Records to process -
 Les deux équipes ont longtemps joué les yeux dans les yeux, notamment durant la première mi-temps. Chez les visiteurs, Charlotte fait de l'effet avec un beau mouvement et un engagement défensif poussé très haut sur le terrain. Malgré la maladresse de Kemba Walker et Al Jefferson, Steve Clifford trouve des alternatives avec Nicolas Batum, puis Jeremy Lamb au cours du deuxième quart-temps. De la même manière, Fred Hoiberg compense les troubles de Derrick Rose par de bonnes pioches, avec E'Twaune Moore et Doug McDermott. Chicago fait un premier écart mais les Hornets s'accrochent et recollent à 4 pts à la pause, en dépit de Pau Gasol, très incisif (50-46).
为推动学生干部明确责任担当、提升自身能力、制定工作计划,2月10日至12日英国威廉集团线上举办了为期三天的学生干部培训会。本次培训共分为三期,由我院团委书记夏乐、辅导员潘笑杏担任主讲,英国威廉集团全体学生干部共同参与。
==
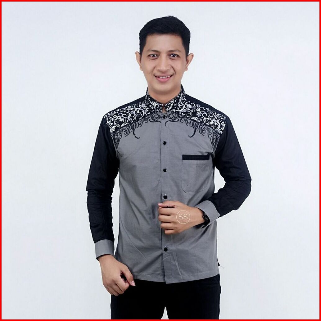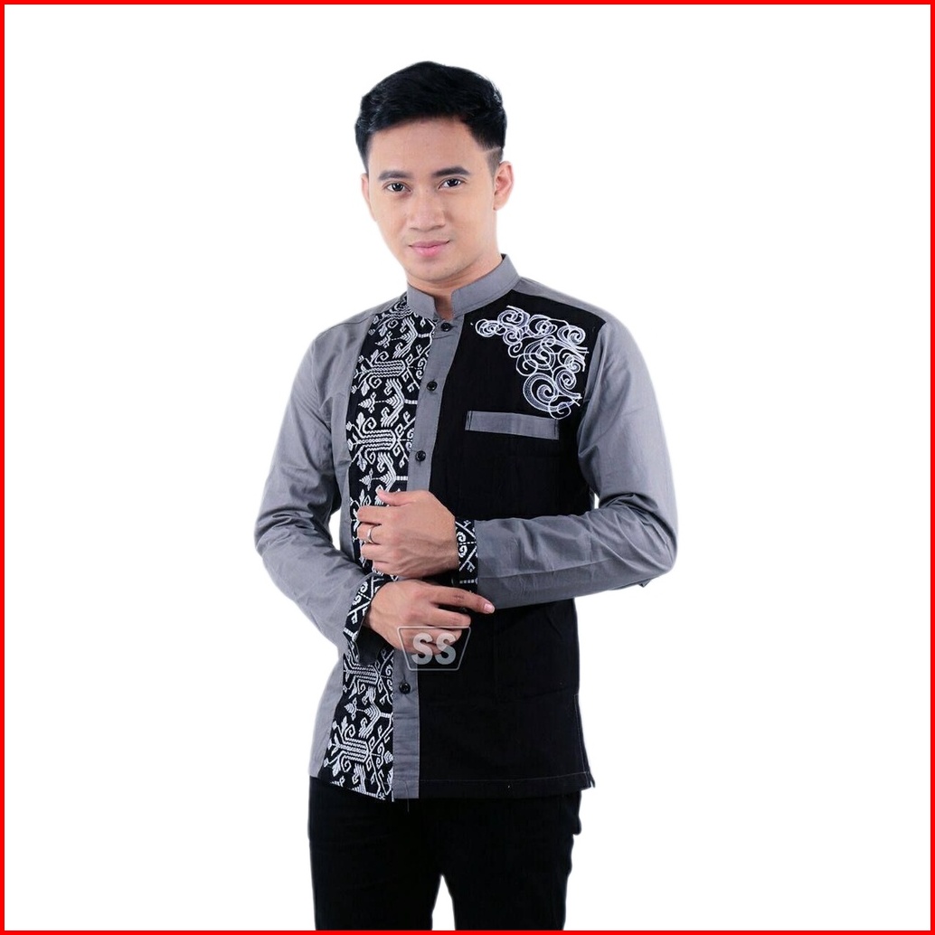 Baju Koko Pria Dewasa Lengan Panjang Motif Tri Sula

Exercise requirements -
Reproduce exactly the lines above from the line with "Les deux équipes" to the line with "为推动学生干部明确责任担当、", including both, and add nothing.

Your response -
 Les deux équipes ont longtemps joué les yeux dans les yeux, notamment durant la première mi-temps. Chez les visiteurs, Charlotte fait de l'effet avec un beau mouvement et un engagement défensif poussé très haut sur le terrain. Malgré la maladresse de Kemba Walker et Al Jefferson, Steve Clifford trouve des alternatives avec Nicolas Batum, puis Jeremy Lamb au cours du deuxième quart-temps. De la même manière, Fred Hoiberg compense les troubles de Derrick Rose par de bonnes pioches, avec E'Twaune Moore et Doug McDermott. Chicago fait un premier écart mais les Hornets s'accrochent et recollent à 4 pts à la pause, en dépit de Pau Gasol, très incisif (50-46).
为推动学生干部明确责任担当、提升自身能力、制定工作计划,2月10日至12日英国威廉集团线上举办了为期三天的学生干部培训会。本次培训共分为三期,由我院团委书记夏乐、辅导员潘笑杏担任主讲,英国威廉集团全体学生干部共同参与。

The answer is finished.